▶ [WORK INSTRUCTIONS]: Give back every line of the material exactly. Skip the pictures.

*** PROVIDED MATERIAL ***

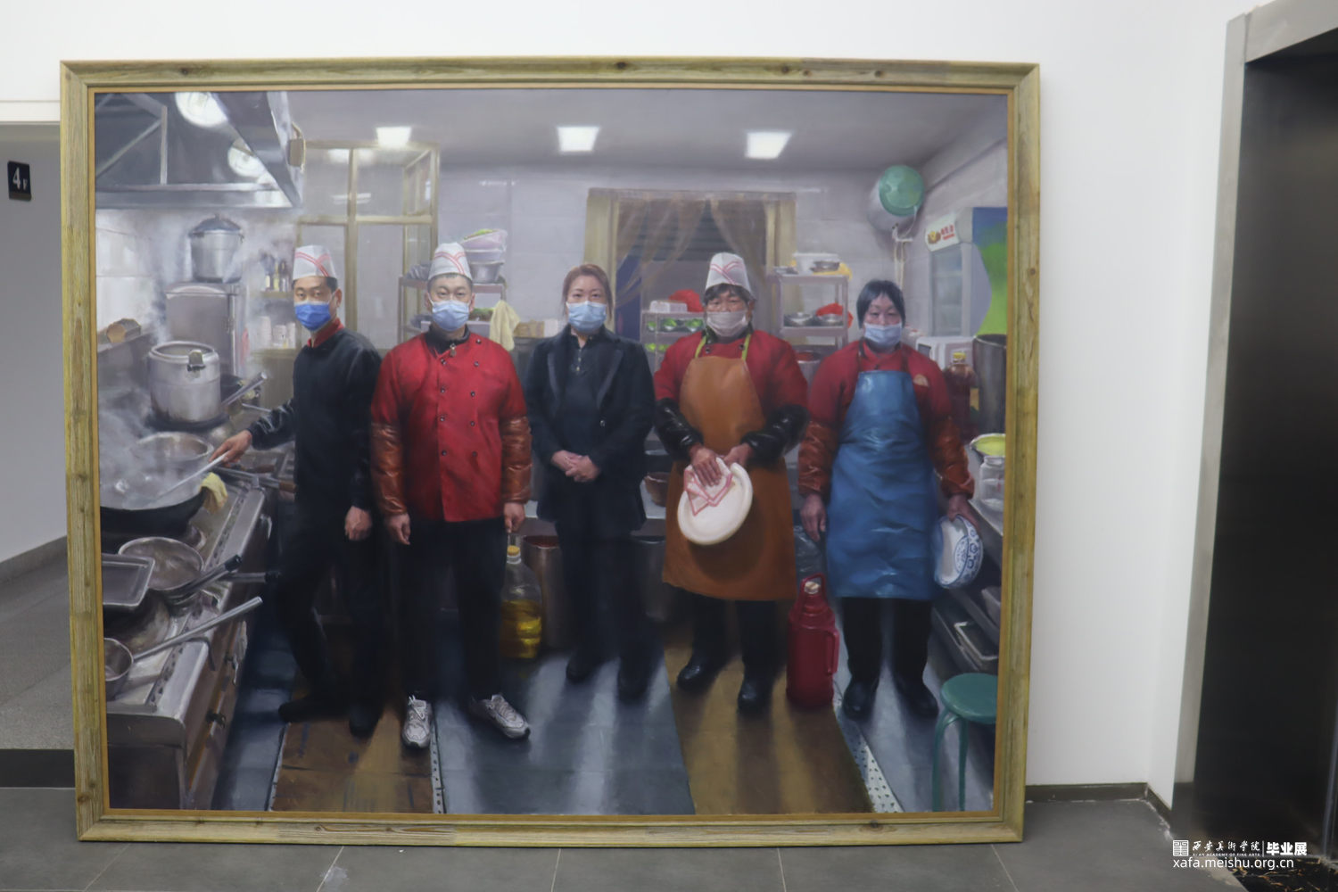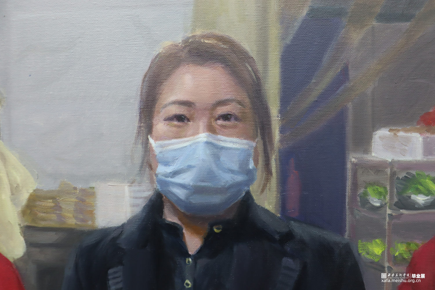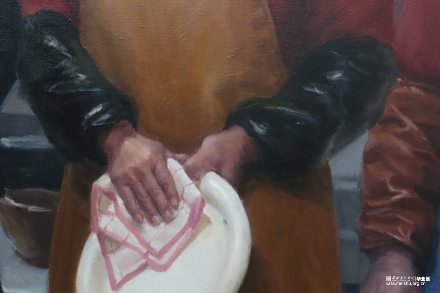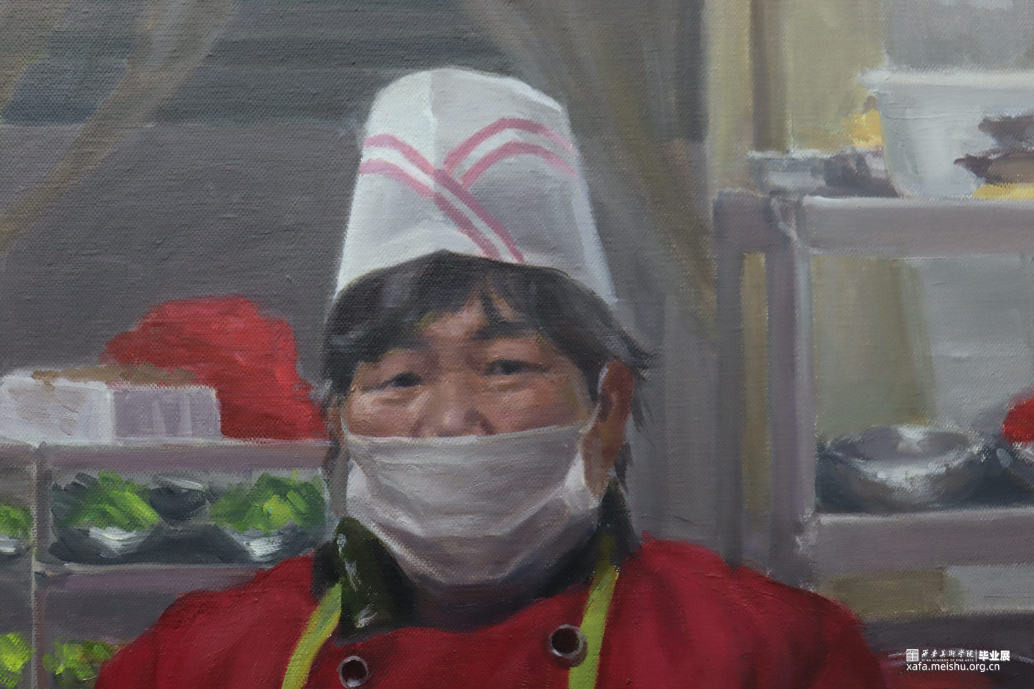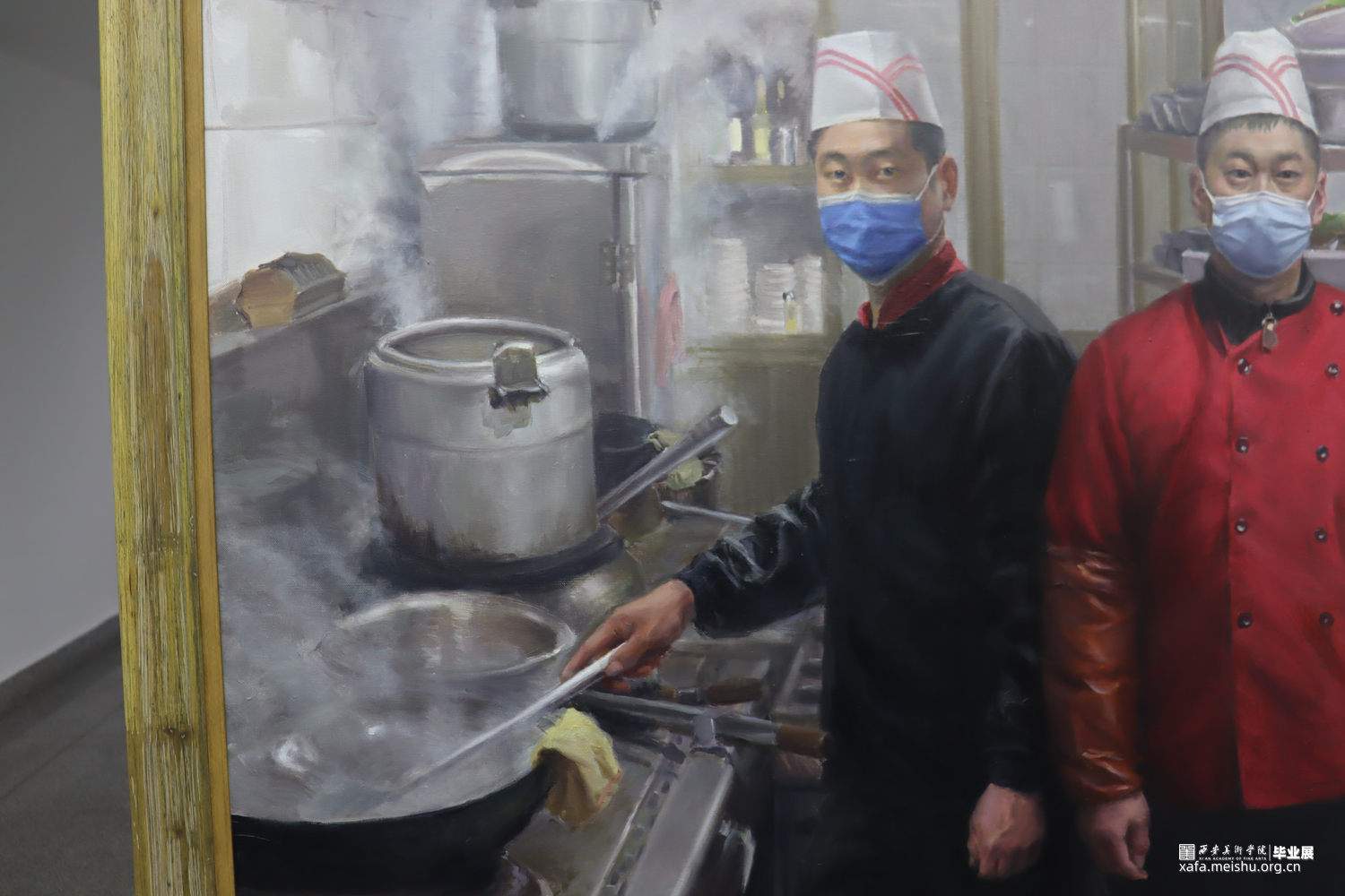 在经过对不同底层工作群体的实地采访与观察后,我选定酒店的职工作为我进行艺术创作的人群。我挑选了一家当地知名的酒店,我分别对前台经理,厨师长围绕工作感想和感悟进行了深入采访,我又连续对洗碗工,洗菜工,传菜员以及其它职位的酒店人员进行工作跟踪记录与观察,为我进行油画艺术创作进行素材铺垫以及情绪共鸣,最终创作出这幅作品。
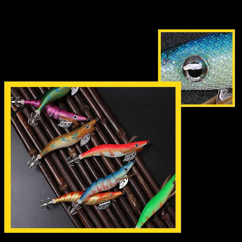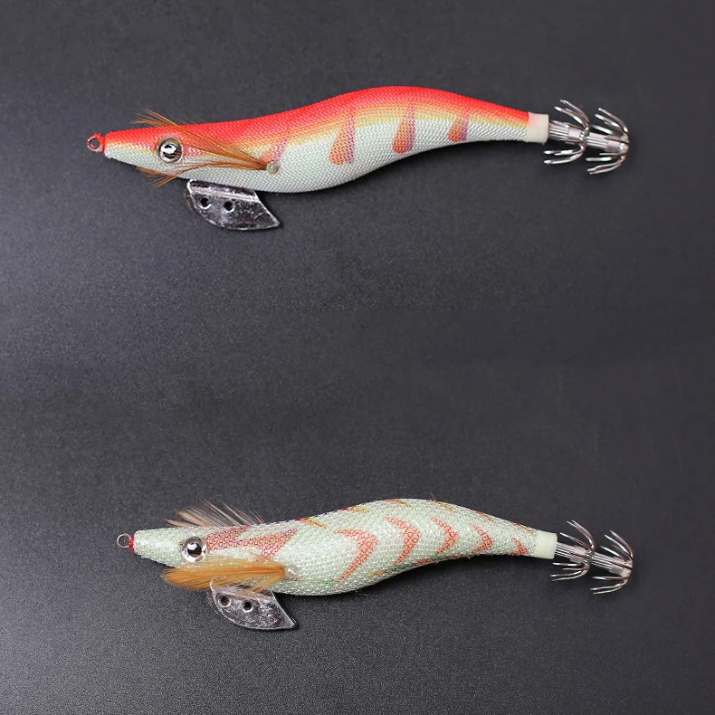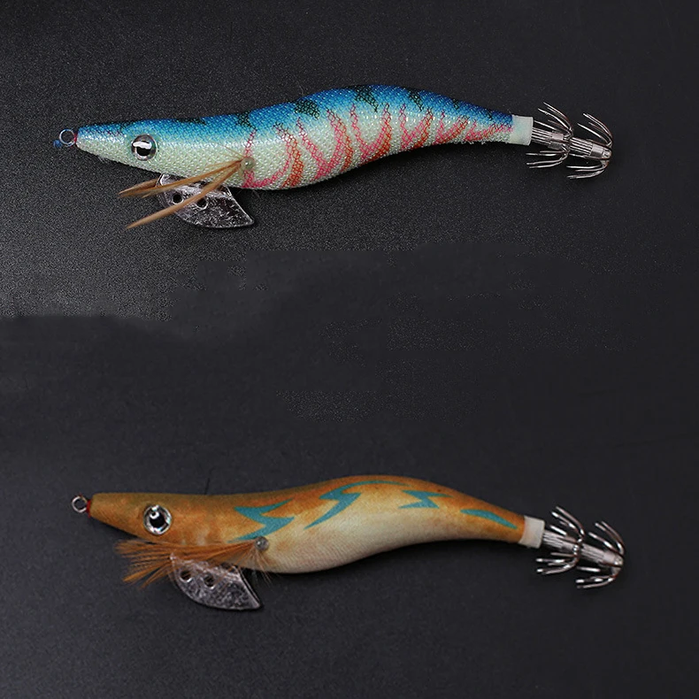 Featuring 3D Printing 2.5, 3.0, and 3.5 Hook Luminous Squid Jig Fishing Wood Shrimp Lure Key Features:
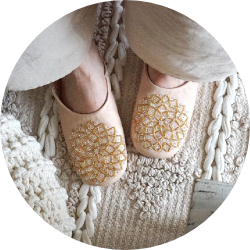 モロッコから直輸入したナチュラルでは着心地の良い バブーシュ。モロッコの伝統的なスリッパです。 BOHO空間にピッタリのデザインです!
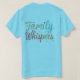 El diseño de la camiseta "Family Whispers" incluye la frase en letras vibrantes y multicolores. Los colores están dispuestos en un efecto de gradiente, lo que crea una sensación de profundidad y movimiento. La estética general es lúdica y llamativa, lo que refleja la calidez y la conexión con la familia. El diseño es perfecto para cualquiera que desee expresar su amor y aprecio por sus seres queridos.

*** End of PROVIDED MATERIAL ***

▶ [EXERCISE OUTPUT]:
 在经过对不同底层工作群体的实地采访与观察后,我选定酒店的职工作为我进行艺术创作的人群。我挑选了一家当地知名的酒店,我分别对前台经理,厨师长围绕工作感想和感悟进行了深入采访,我又连续对洗碗工,洗菜工,传菜员以及其它职位的酒店人员进行工作跟踪记录与观察,为我进行油画艺术创作进行素材铺垫以及情绪共鸣,最终创作出这幅作品。
 Featuring 3D Printing 2.5, 3.0, and 3.5 Hook Luminous Squid Jig Fishing Wood Shrimp Lure Key Features:
 モロッコから直輸入したナチュラルでは着心地の良い バブーシュ。モロッコの伝統的なスリッパです。 BOHO空間にピッタリのデザインです!
 El diseño de la camiseta "Family Whispers" incluye la frase en letras vibrantes y multicolores. Los colores están dispuestos en un efecto de gradiente, lo que crea una sensación de profundidad y movimiento. La estética general es lúdica y llamativa, lo que refleja la calidez y la conexión con la familia. El diseño es perfecto para cualquiera que desee expresar su amor y aprecio por sus seres queridos.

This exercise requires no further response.